Set down, exactly as written, the lines from the line holding "Busy House is" to the end of the data, inclusive, skipping any pictures.

(Data for this exercise)

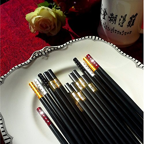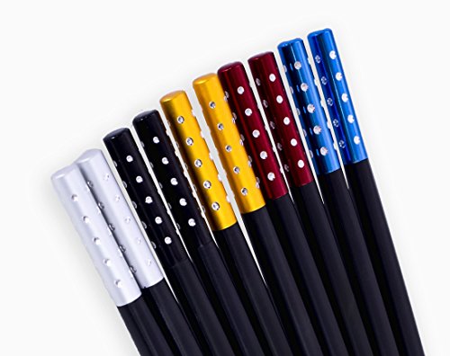 - HIGH QUALITY CHOPSTICKS, SURE TO PLEASE: A beautifully crafted luxury chopstick set for everyday use or why not take a little gift for the hostess? The black color sticks with pretty colored Metal Bands sparkle in the light and bring an understated bling to any special occasion Chinese, Japanese, Vietnamese or Korean dinner party table!
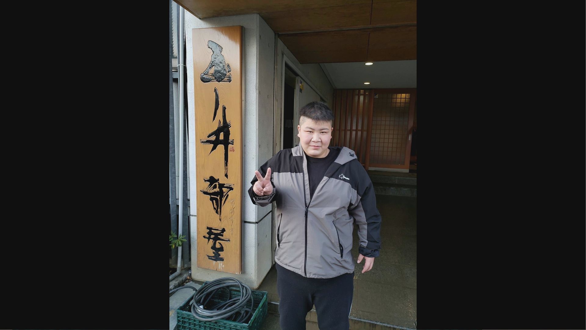 玉ノ井部屋の前で
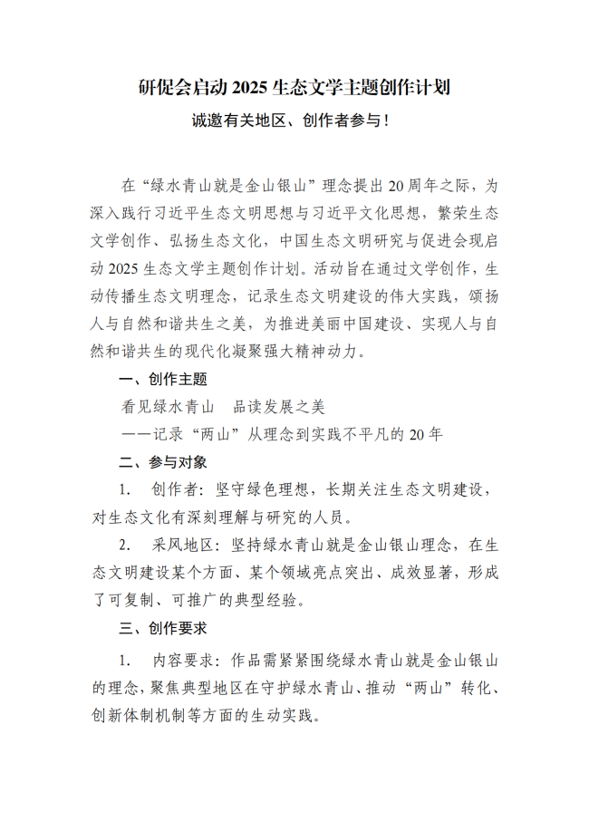 研促會(huì)啟動(dòng)2025生態(tài)文學(xué)主題創(chuàng)作計(jì)劃(PDF)
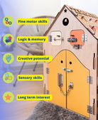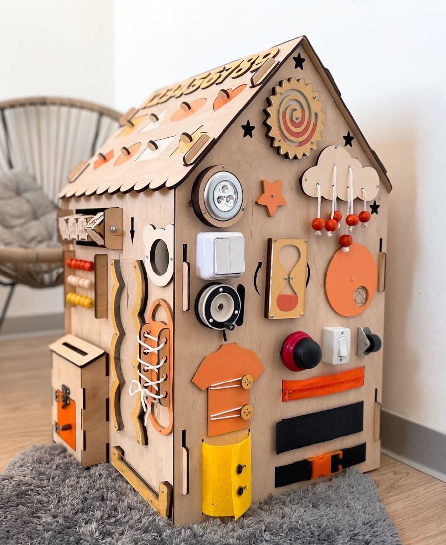 Busy House is a training complex made according to Montessori approach consists of 6 different busy boards and allows your children to easily develop their skills and creativity!
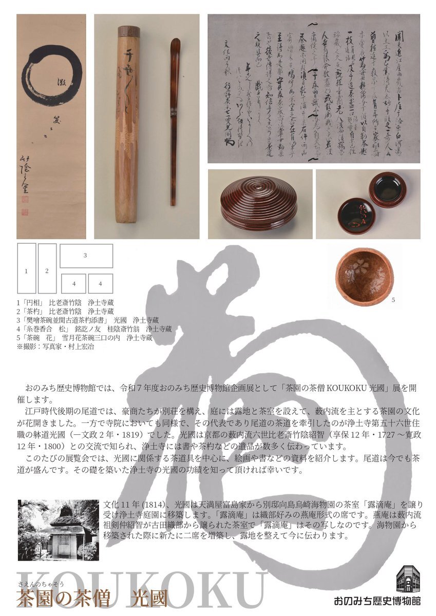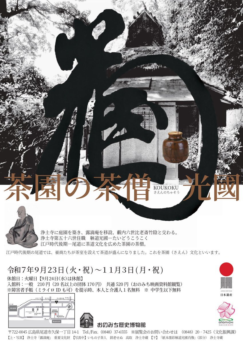 【展覧会情報】 次回、おのみち歴史博物館企画展は「茶園の茶僧 KOUKOKU 光國」 🗓 9月23日(火・祝)〜11月3日(月・祝) 📍 #おのみち歴史博物館 浄土寺に伝わる茶道関係の資料を介して、今に繋がる尾道の茶道文化の礎を築いた僧侶光國の功績を知って頂ければ幸いです🍵 #日本遺産 #尾道 #箱庭的都市 pic.x.com/MWcM4SJagx x.com/nihonisanonomi…

(End Data for this exercise)

> **Solution**
 Busy House is a training complex made according to Montessori approach consists of 6 different busy boards and allows your children to easily develop their skills and creativity!
 【展覧会情報】 次回、おのみち歴史博物館企画展は「茶園の茶僧 KOUKOKU 光國」 🗓 9月23日(火・祝)〜11月3日(月・祝) 📍 #おのみち歴史博物館 浄土寺に伝わる茶道関係の資料を介して、今に繋がる尾道の茶道文化の礎を築いた僧侶光國の功績を知って頂ければ幸いです🍵 #日本遺産 #尾道 #箱庭的都市 pic.x.com/MWcM4SJagx x.com/nihonisanonomi…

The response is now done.